* **Dataset excerpt**:

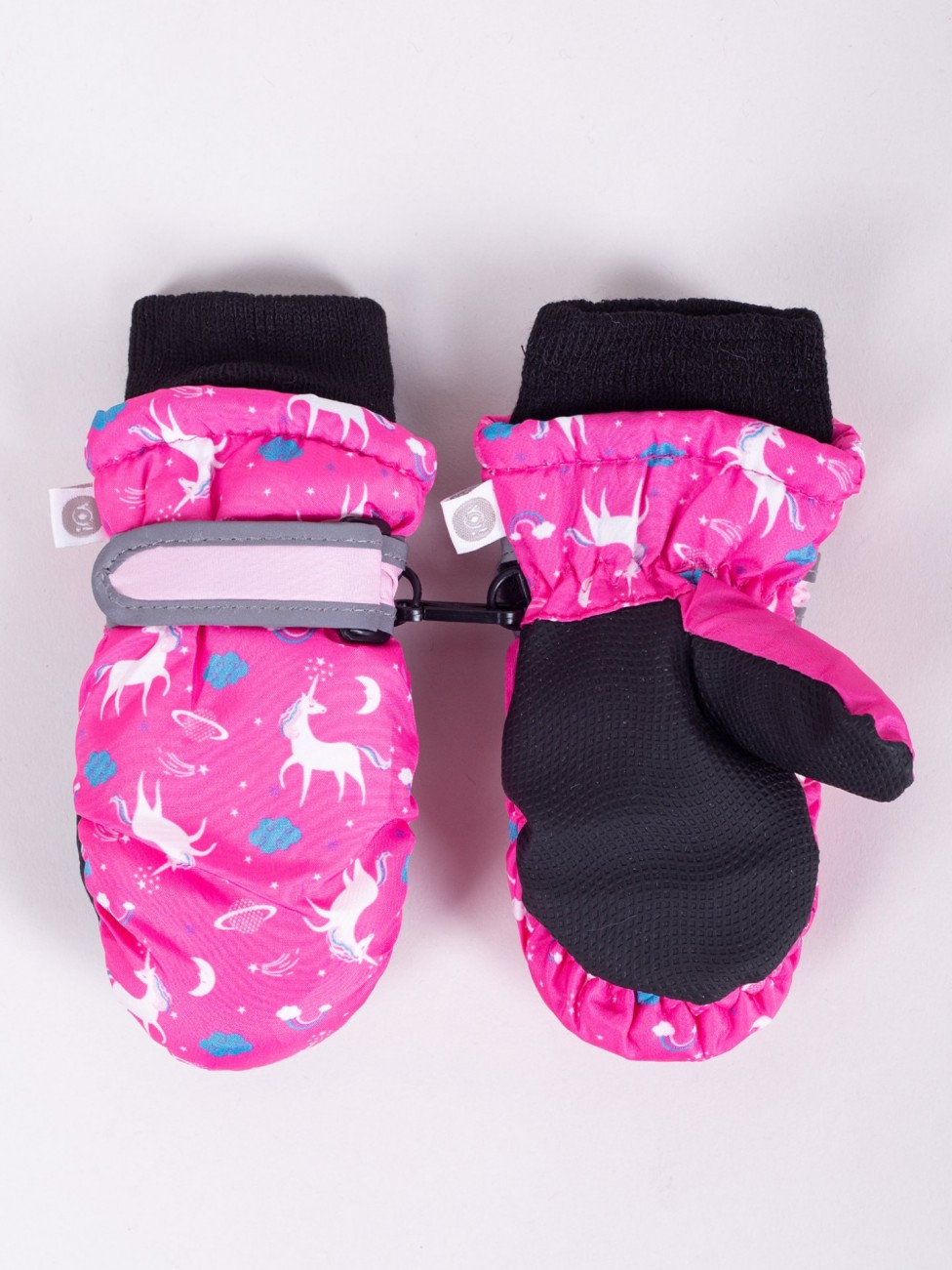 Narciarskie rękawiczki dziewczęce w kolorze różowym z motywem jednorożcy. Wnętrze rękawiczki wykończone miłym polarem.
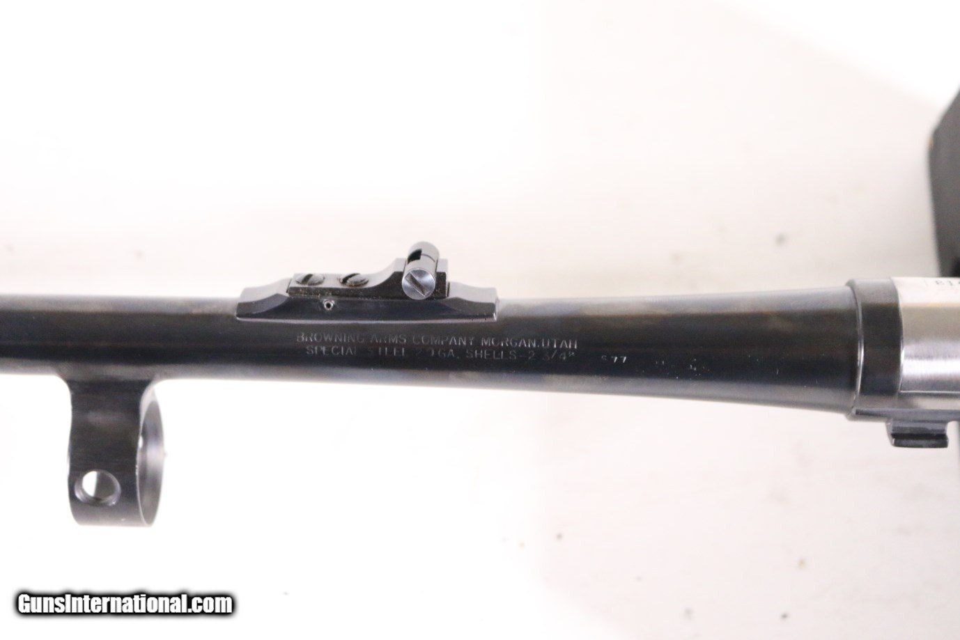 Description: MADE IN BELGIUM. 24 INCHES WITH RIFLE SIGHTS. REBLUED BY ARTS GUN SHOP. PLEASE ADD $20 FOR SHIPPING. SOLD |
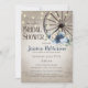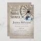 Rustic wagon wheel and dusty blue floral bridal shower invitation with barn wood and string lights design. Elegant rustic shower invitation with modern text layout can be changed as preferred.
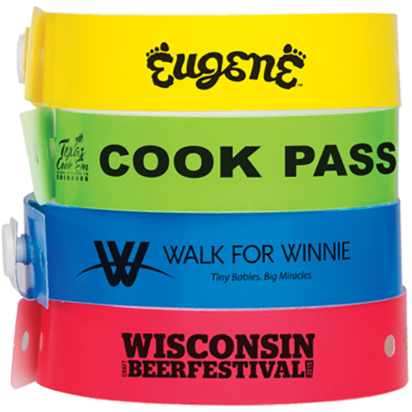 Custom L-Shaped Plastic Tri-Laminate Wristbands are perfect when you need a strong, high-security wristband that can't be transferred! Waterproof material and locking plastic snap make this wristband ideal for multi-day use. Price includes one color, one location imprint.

* **Problem**:
Quote exactly the lines from the line that contains "Rustic wagon wheel" through the last line of the listing, please, leaving out all pictures.

* **Solution to the problem**:
 Rustic wagon wheel and dusty blue floral bridal shower invitation with barn wood and string lights design. Elegant rustic shower invitation with modern text layout can be changed as preferred.
 Custom L-Shaped Plastic Tri-Laminate Wristbands are perfect when you need a strong, high-security wristband that can't be transferred! Waterproof material and locking plastic snap make this wristband ideal for multi-day use. Price includes one color, one location imprint.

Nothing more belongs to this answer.